Selling Bread With Other Volunteers

Selling Bread With Other Volunteers

While volunteering for Rayo de Sol in Arequipa, Peru, I was reminded of how much I dislike the macho culture in Latin America.

Machismo can be defined as “exaggerated masculine pride.”

I haven’t said much about machismo despite having been in Latin America for nine months. Only in this article from El Salvador, and this post bidding farewell to Mexico. But it’s omnipresent and is very much at odds with my view of the world, empowerment, and how things should be.

While walking around Arequipa with my fellow volunteers, all from France, selling bread to benefit the children of Alto Cayma, we encountered numerous situations I’d consider completely inappropriate.

Hearing men whistle or cat call as the girls walked by was common.

And I hated it.

It’s just the attitude. He’s essentially saying “You look hot,” but for what? Does he think she’ll throw herself at him then? It is disrespectful and really doesn’t make much sense.

One day we walked into a shopping center and there were two men. In general, when women wanted to buy bread, they usually approached me. When men wanted to buy bread, they usually approached my female colleague. Fine.

But in this case, a guy bought a croissant or some other pastry. She then asked the other guy if he’d like something and replied by saying “No, I just want to look.” And he didn’t mean look at the bread and pastries. It was clear he meant that he wanted look at her. These guys were old enough to be her dad, so it was doubly disgusting.

It’s not like they were flirting. They knew they had no chance. They just got some strange satisfaction in being disrespectful.

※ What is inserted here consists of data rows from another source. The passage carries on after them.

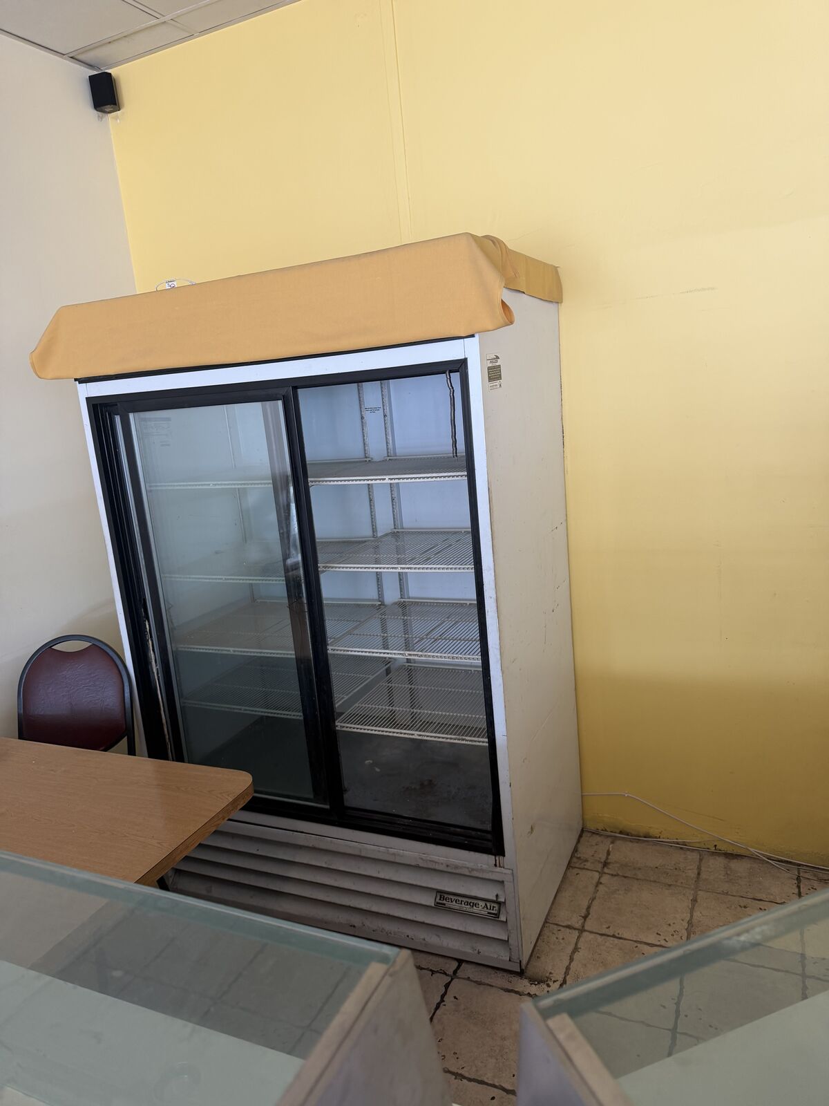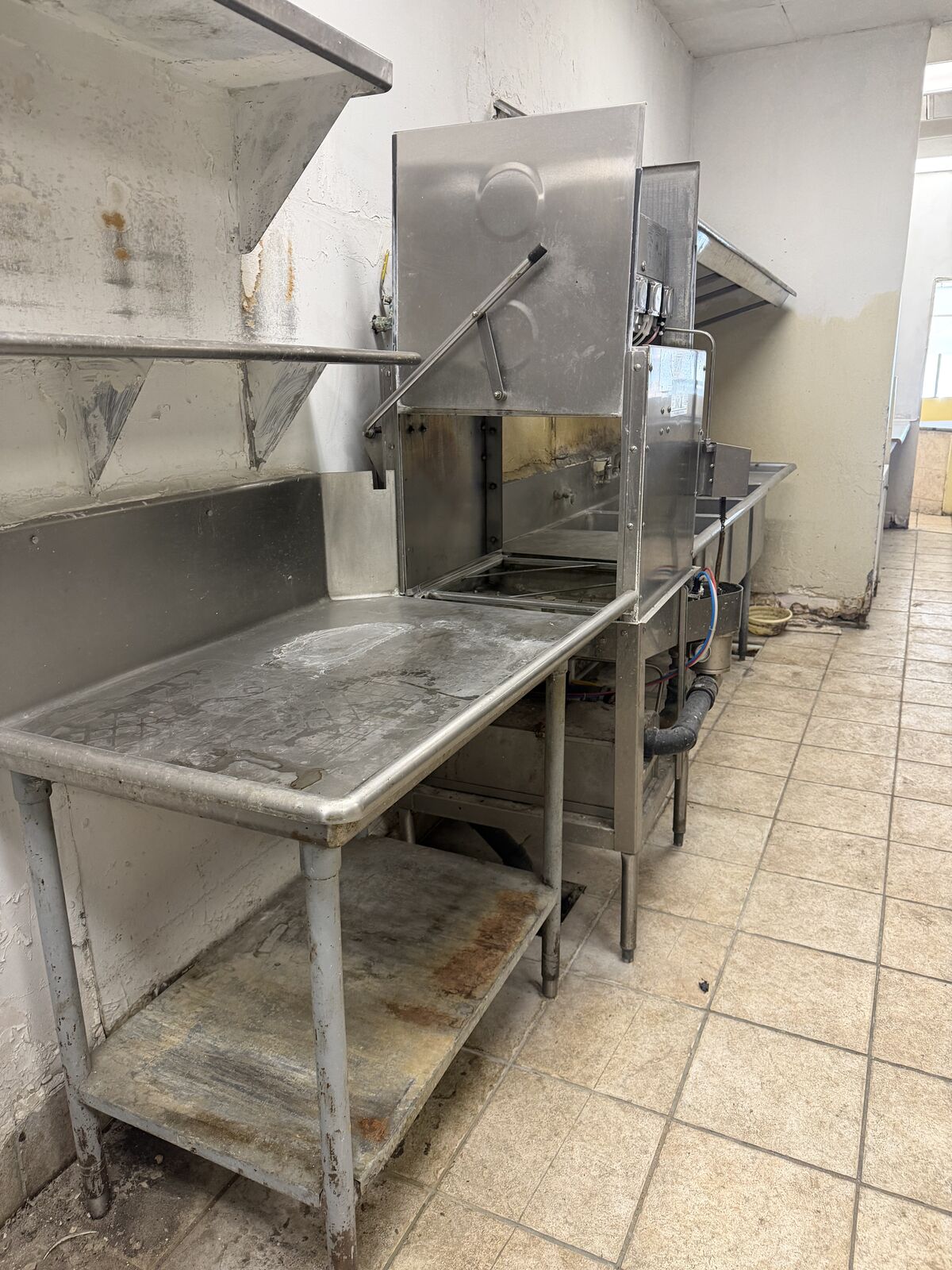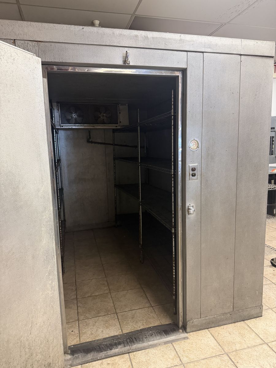 Includes: Walk-in cooler Glass-door commercial refrigerator (Beverage Air) Commercial wok range Deep fryers (Dean brand) American Range stove/oven Steam table with sneeze guard Ice machine Chest freezer Stainless prep tables & shelving Dishwashing/sink station
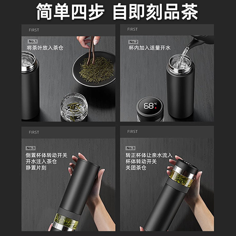 茶水分离保温杯泡茶杯大容量车载316L高档泡茶杯子温度显示显温
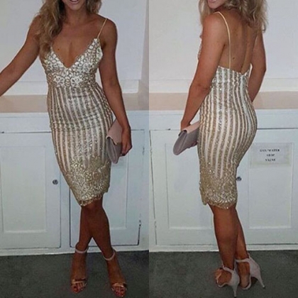Such a sexy and charming sling dress, you can't miss it. It is completed with deep V-neck and backless patterns that can be a power
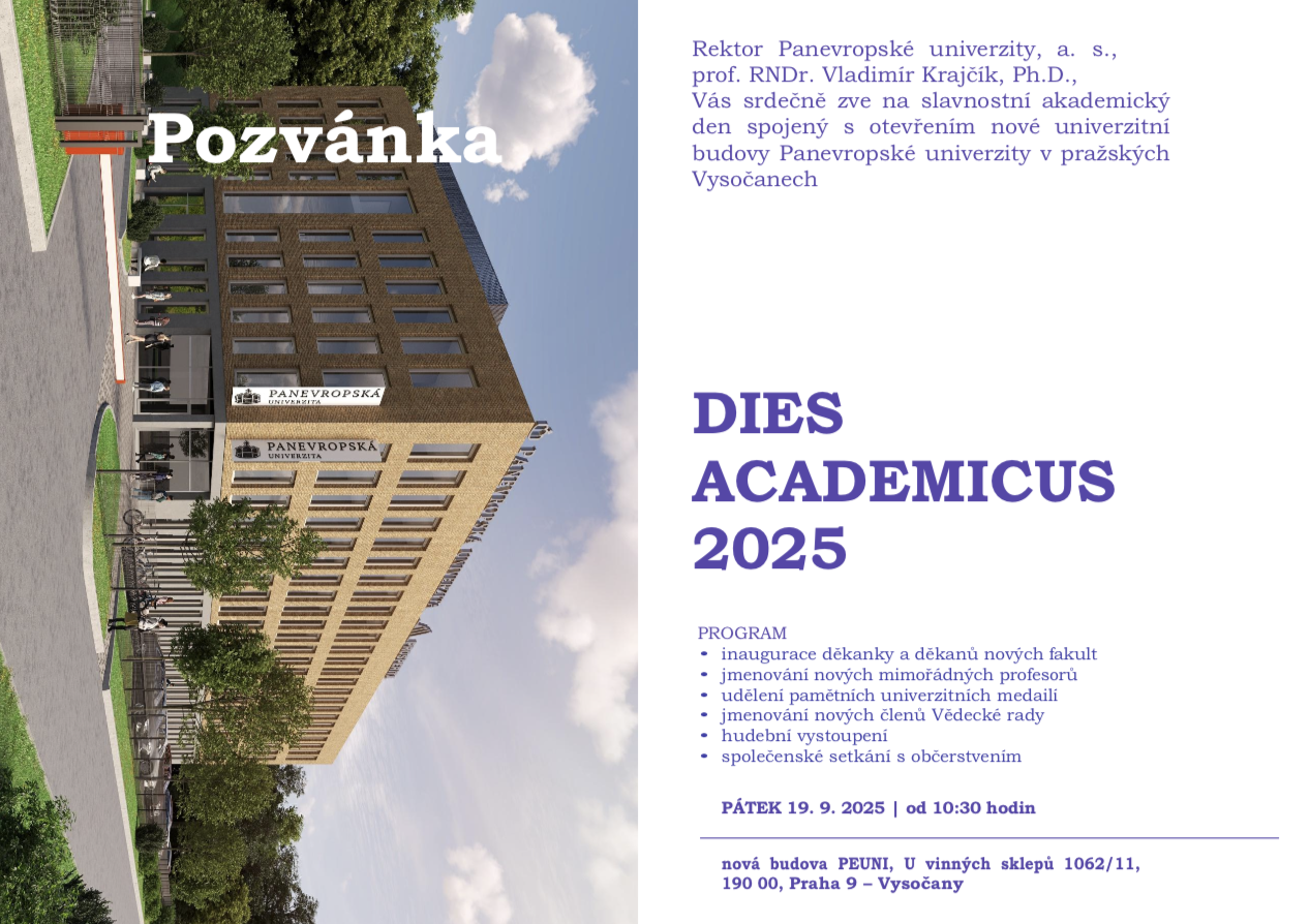 rektorka VŠZ doc. PhDr. Jitka Němcová, PhD. se na pozvání rektora Panevropské univerzity prof. RNDr. Vladimíra Krajčíka, Ph.D. zúčastnila slavnostního akademického dne spojeného s otevřením nové univerzitní budovy (pozvánka) |

An Example Of Machismo - This Image On The Outside Of A Public Bus In Ecuador

An Example Of Machismo - This Image On The Outside Of A Public Bus In Ecuador

I asked her how she felt about what happened afterward. She didn’t seem phased by it. She said it happens all the time so she’s just kind of become use to such bad behavior.

I guess that’s a survival technique because getting upset about such frequent bad behavior doesn’t serve any purpose. But still. It’s wrong and it shouldn’t happen at all.

I’m not sure what the solution is. How do you change a whole culture?

Again, just like seeing the photo shoot in Lima, maybe I read too much into things. Maybe I see victims where they don’t exist sometimes. But I think the case here is pretty cut and dry. Women shouldn’t have to put up with such bad behavior.

Sadly, I know I’ll encounter this throughout my trip. Though there is a convenient Spanish word used to describe this attitude, one that we use in English, machismo/macho is definitely not limited to Latin America.

About Adam Pervez

In mid-2011 I left my cushy corporate job and took the plunge into a life incorporating my passions of traveling, writing, volunteering, learning, educating, and telling stories. I study what happiness means to others, offer what I can from my engineering/MBA background as a volunteer, and try to leave each place better than how I found it. Read more.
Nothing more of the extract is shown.